**Required action**
Every line below from the one with "26 апреля весь" through the one with "Оригинальная сумка для" should be retyped exactly, both ends included; no other lines and no pictures.

**Given information**

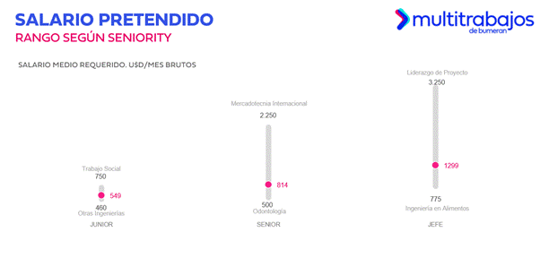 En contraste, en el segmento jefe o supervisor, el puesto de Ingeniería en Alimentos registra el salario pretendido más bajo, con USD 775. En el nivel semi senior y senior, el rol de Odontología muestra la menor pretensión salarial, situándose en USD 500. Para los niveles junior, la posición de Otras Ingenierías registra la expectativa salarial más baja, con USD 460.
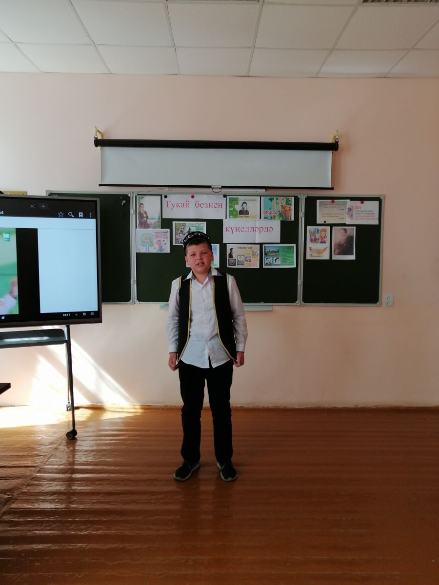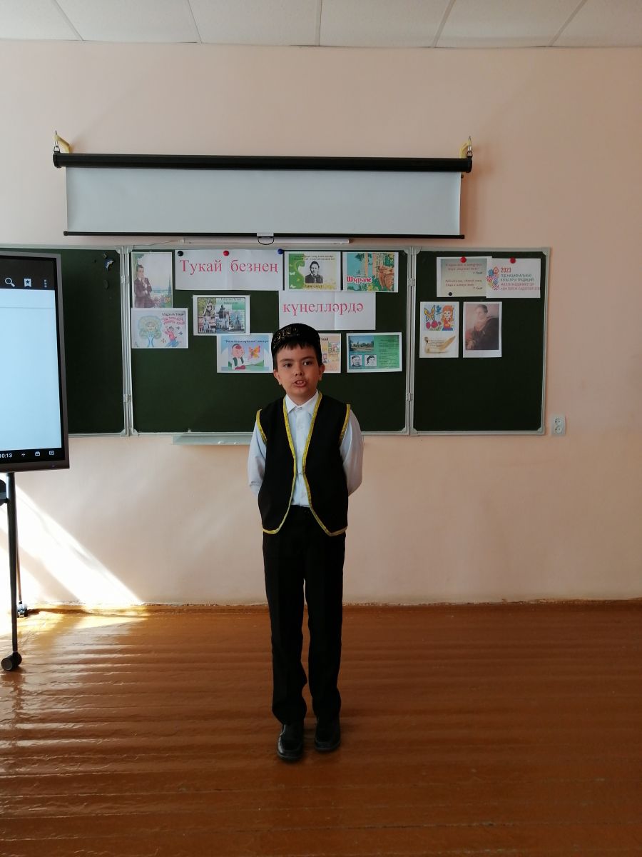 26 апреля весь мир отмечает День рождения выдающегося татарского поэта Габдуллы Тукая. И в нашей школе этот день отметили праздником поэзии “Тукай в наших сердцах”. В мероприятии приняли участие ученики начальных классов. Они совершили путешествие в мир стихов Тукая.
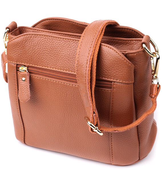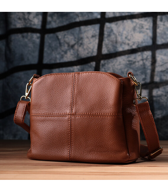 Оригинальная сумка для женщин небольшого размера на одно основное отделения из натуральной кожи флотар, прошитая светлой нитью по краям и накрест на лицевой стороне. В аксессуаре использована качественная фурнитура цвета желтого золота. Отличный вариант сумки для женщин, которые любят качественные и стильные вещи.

...

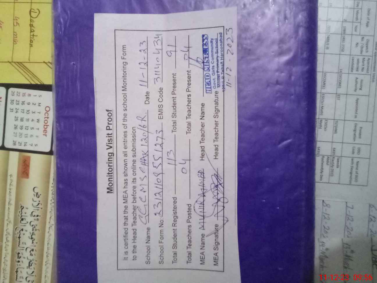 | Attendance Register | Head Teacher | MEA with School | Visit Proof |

**The completed task**
 26 апреля весь мир отмечает День рождения выдающегося татарского поэта Габдуллы Тукая. И в нашей школе этот день отметили праздником поэзии “Тукай в наших сердцах”. В мероприятии приняли участие ученики начальных классов. Они совершили путешествие в мир стихов Тукая.
 Оригинальная сумка для женщин небольшого размера на одно основное отделения из натуральной кожи флотар, прошитая светлой нитью по краям и накрест на лицевой стороне. В аксессуаре использована качественная фурнитура цвета желтого золота. Отличный вариант сумки для женщин, которые любят качественные и стильные вещи.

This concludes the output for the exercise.